* **Excerpted records**:
<<<<

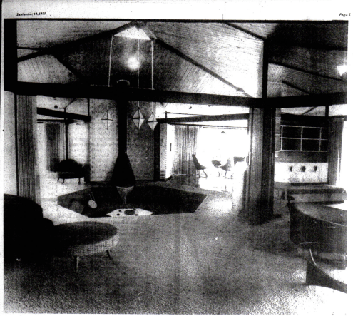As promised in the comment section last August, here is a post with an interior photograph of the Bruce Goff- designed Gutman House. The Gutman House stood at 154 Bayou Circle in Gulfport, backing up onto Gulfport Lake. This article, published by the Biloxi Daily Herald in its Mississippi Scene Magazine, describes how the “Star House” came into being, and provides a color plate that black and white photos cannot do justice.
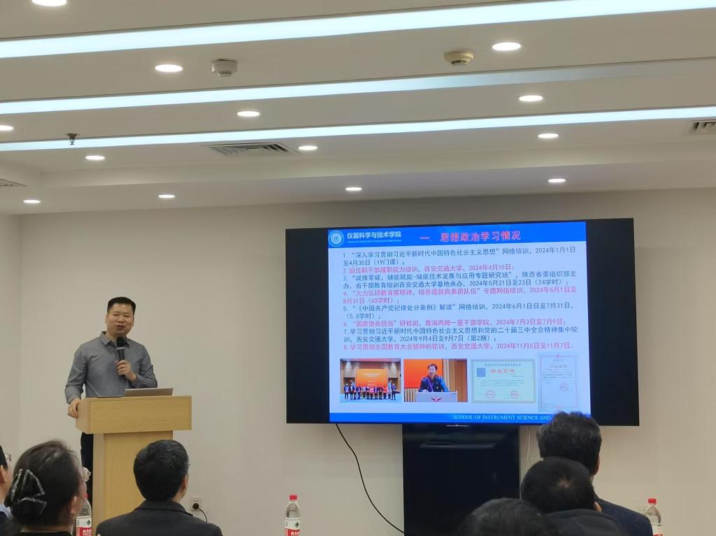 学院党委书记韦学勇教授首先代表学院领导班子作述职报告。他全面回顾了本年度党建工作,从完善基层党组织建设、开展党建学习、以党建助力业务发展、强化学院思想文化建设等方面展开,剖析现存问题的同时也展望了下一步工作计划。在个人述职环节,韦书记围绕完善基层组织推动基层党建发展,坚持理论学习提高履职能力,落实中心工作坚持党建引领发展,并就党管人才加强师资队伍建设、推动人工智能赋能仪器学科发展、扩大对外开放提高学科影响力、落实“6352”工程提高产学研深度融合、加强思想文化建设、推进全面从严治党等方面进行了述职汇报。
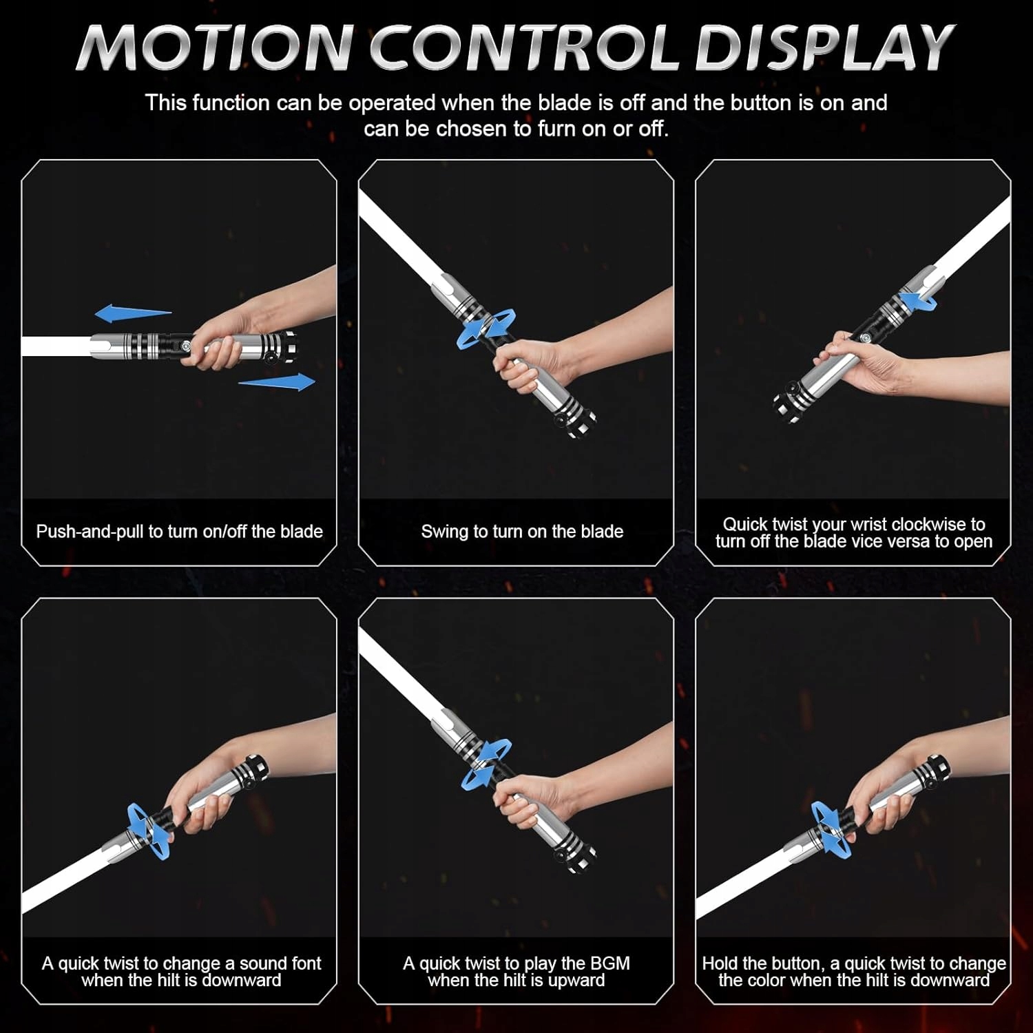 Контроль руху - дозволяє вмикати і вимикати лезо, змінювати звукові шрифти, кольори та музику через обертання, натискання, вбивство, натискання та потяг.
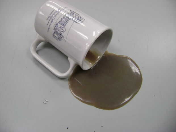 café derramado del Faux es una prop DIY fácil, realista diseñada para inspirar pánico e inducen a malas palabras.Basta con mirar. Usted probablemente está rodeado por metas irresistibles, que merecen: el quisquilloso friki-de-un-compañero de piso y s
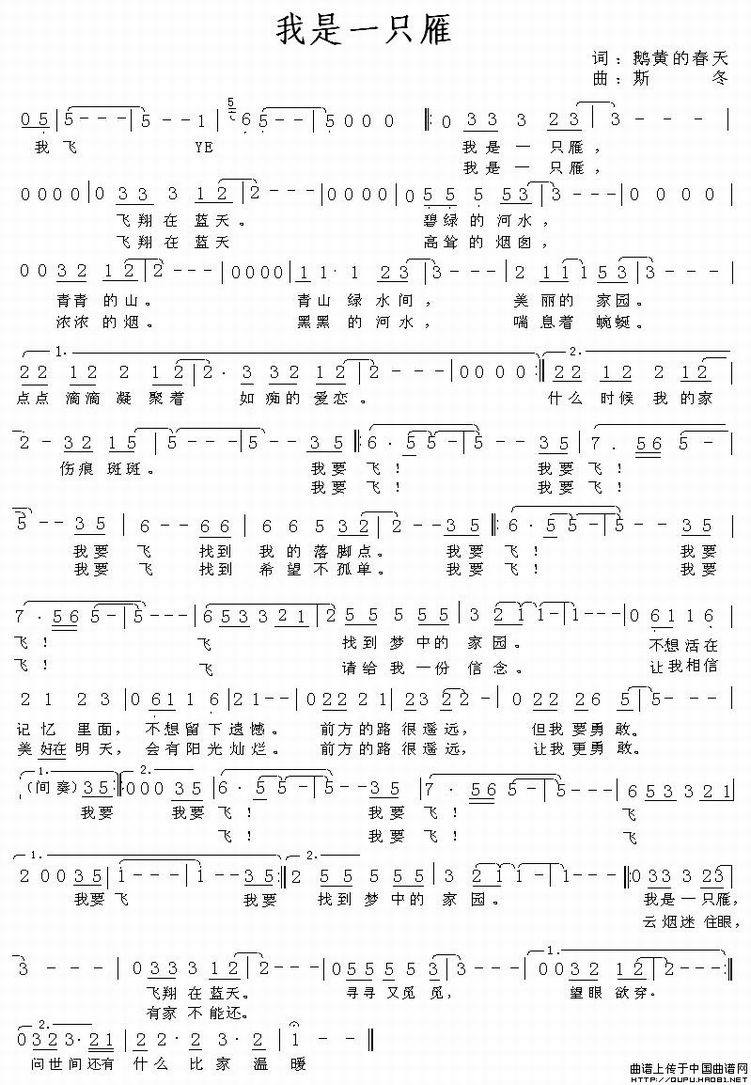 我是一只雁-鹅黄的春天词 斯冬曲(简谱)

>>>>
<<<<

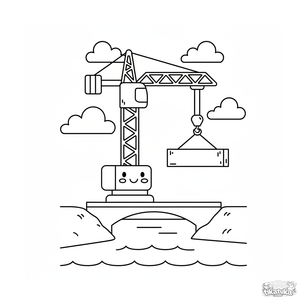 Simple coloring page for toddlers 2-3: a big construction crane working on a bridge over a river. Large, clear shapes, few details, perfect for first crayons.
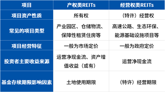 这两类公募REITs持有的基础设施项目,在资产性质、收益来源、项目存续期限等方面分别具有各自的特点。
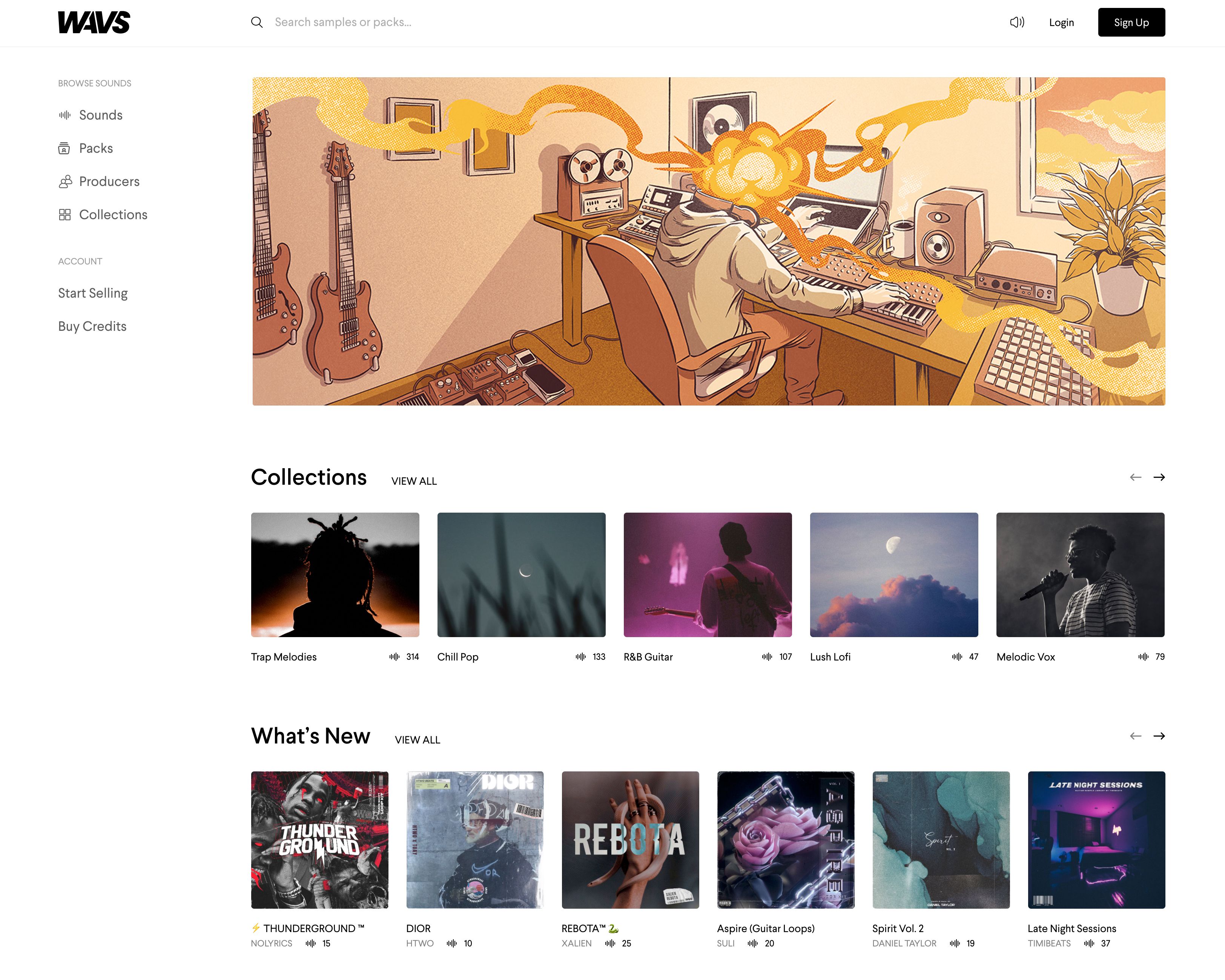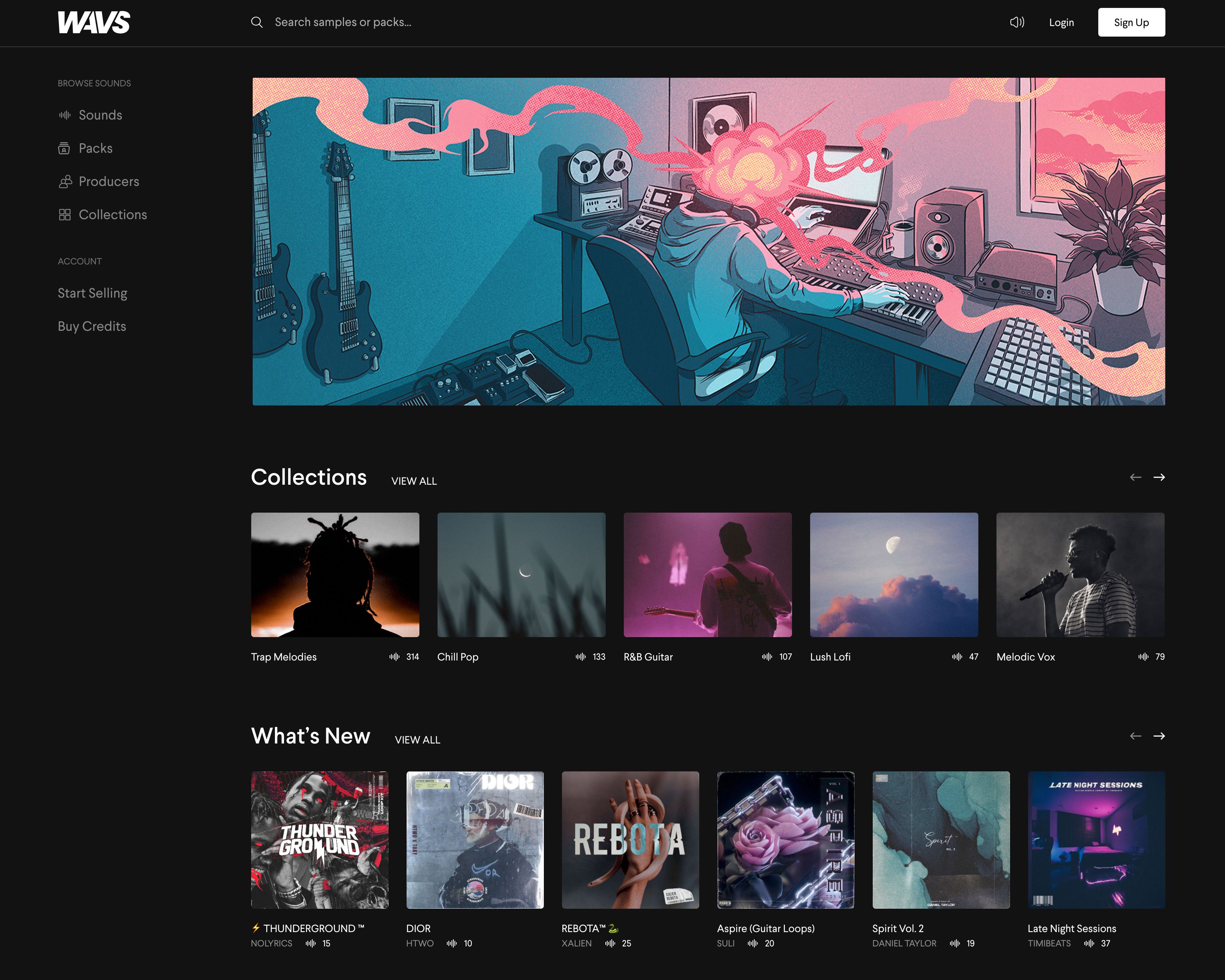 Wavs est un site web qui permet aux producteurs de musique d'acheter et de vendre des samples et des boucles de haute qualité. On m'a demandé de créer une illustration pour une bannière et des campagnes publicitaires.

>>>>

* **Task to complete**:
Copy word for word the lines above, starting at the line containing "As promised in" and ending at the line containing "我是一只雁-鹅黄的春天词 斯冬曲(简谱)", inclusive, with no pictures.

* **Solution**:
As promised in the comment section last August, here is a post with an interior photograph of the Bruce Goff- designed Gutman House. The Gutman House stood at 154 Bayou Circle in Gulfport, backing up onto Gulfport Lake. This article, published by the Biloxi Daily Herald in its Mississippi Scene Magazine, describes how the “Star House” came into being, and provides a color plate that black and white photos cannot do justice.
 学院党委书记韦学勇教授首先代表学院领导班子作述职报告。他全面回顾了本年度党建工作,从完善基层党组织建设、开展党建学习、以党建助力业务发展、强化学院思想文化建设等方面展开,剖析现存问题的同时也展望了下一步工作计划。在个人述职环节,韦书记围绕完善基层组织推动基层党建发展,坚持理论学习提高履职能力,落实中心工作坚持党建引领发展,并就党管人才加强师资队伍建设、推动人工智能赋能仪器学科发展、扩大对外开放提高学科影响力、落实“6352”工程提高产学研深度融合、加强思想文化建设、推进全面从严治党等方面进行了述职汇报。
 Контроль руху - дозволяє вмикати і вимикати лезо, змінювати звукові шрифти, кольори та музику через обертання, натискання, вбивство, натискання та потяг.
 café derramado del Faux es una prop DIY fácil, realista diseñada para inspirar pánico e inducen a malas palabras.Basta con mirar. Usted probablemente está rodeado por metas irresistibles, que merecen: el quisquilloso friki-de-un-compañero de piso y s
 我是一只雁-鹅黄的春天词 斯冬曲(简谱)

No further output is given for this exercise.